Goldhandel im Goldgeschäft Mi Hong.
Um dem entgegenzuwirken, waren die Geschäfte gezwungen, die Abgabemenge pro Kunde und Transaktion auf zwischen 1 Tael und 1 Unze zu beschränken, abhängig vom Lagerbestand der jeweiligen Filiale. Dies führte dazu, dass viele Menschen, die sich schon früh morgens angestellt hatten, unverrichteter Dinge nach Hause gehen mussten.
Gleichzeitig wurde das Online-Registrierungssystem für den Kauf von SJC-Goldbarren aufgrund von technischen Aktualisierungen ab dem 6. April 2026 vorübergehend außer Betrieb genommen, wodurch die Nachfrage auf die Registrierungsportale der vier staatlichen Geschäftsbanken verlagert wurde. Netzwerküberlastungen und die Erschöpfung der verfügbaren Plätze innerhalb von Sekunden nach Öffnung des Systems traten jedoch weiterhin auf.
Diese Lücke hat den Weg für Dienste geebnet, die sich in sozialen Medien als „Registrierung zum Kauf von SJC-Goldbarren im Namen anderer“ ausgeben und dafür 350.000 bis 500.000 VND pro erfolgreicher Transaktion verlangen. Angesichts dieser Situation hat die Polizei wiederholt vor dem Risiko von Datenlecks durch Chipkarten und dem Potenzial für Hightech-Betrug gewarnt, wenn Käufer gezwungen sind, diesen inoffiziellen Goldankaufsagenten persönliche Daten preiszugeben.
Auch auf dem internationalen Markt erlebte Gold eine dramatische Woche. Nach Handelsbeginn am 13. Juli fiel der Goldpreis unter die Marke von 4.100 US-Dollar pro Unze und sank rasch auf 4.072 bis 4.080 US-Dollar pro Unze, bevor er am 14. Juli weiter auf 4.016,4 US-Dollar pro Unze abrutschte. Eine kurze Erholung am 15. Juli trieb den Preis dank sinkender US-Inflationsdaten wieder über 4.080 US-Dollar pro Unze, doch der Verkaufsdruck kehrte am 16. und 17. Juli schnell zurück.
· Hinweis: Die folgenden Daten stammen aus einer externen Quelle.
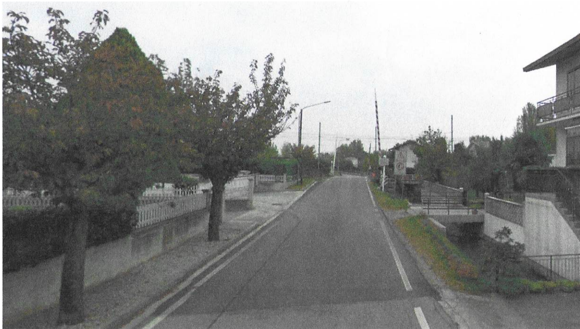
Figura 94 – Fotosimulazione n.1 – Ante opera

Besonders bemerkenswert war der Einbruch des Goldpreises am 17. Juli, als die psychologische Unterstützungsmarke von 3.970 US-Dollar pro Unze unterschritt und ein Wochentief von 3.978 US-Dollar pro Unze erreichte. Anschließend setzten Käufe von Schnäppchenjägern ein, die den Preis zum Wochenschluss bei 4.017,23 US-Dollar pro Unze steigen ließen. Insgesamt sanken die Goldpreise in der Woche um etwa 3 % und verzeichneten damit den stärksten wöchentlichen Rückgang seit Anfang Juni.
Ausgehend vom Verkaufskurs der Geschäftsbanken von 26.490 VND/USD entspricht der Weltgoldpreis etwa 128,3 Millionen VND/Unze – was bedeutet, dass die inländischen SJC-Goldbarren immer noch etwa 19,2 Millionen VND/Unze über dem umgerechneten Weltmarktpreis liegen, eine sehr große Differenz trotz der Anweisungen zur Verbesserung des Angebots.
Sektorübergreifende Interventionspolitiken und Trends bei der Umstrukturierung des Cashflows.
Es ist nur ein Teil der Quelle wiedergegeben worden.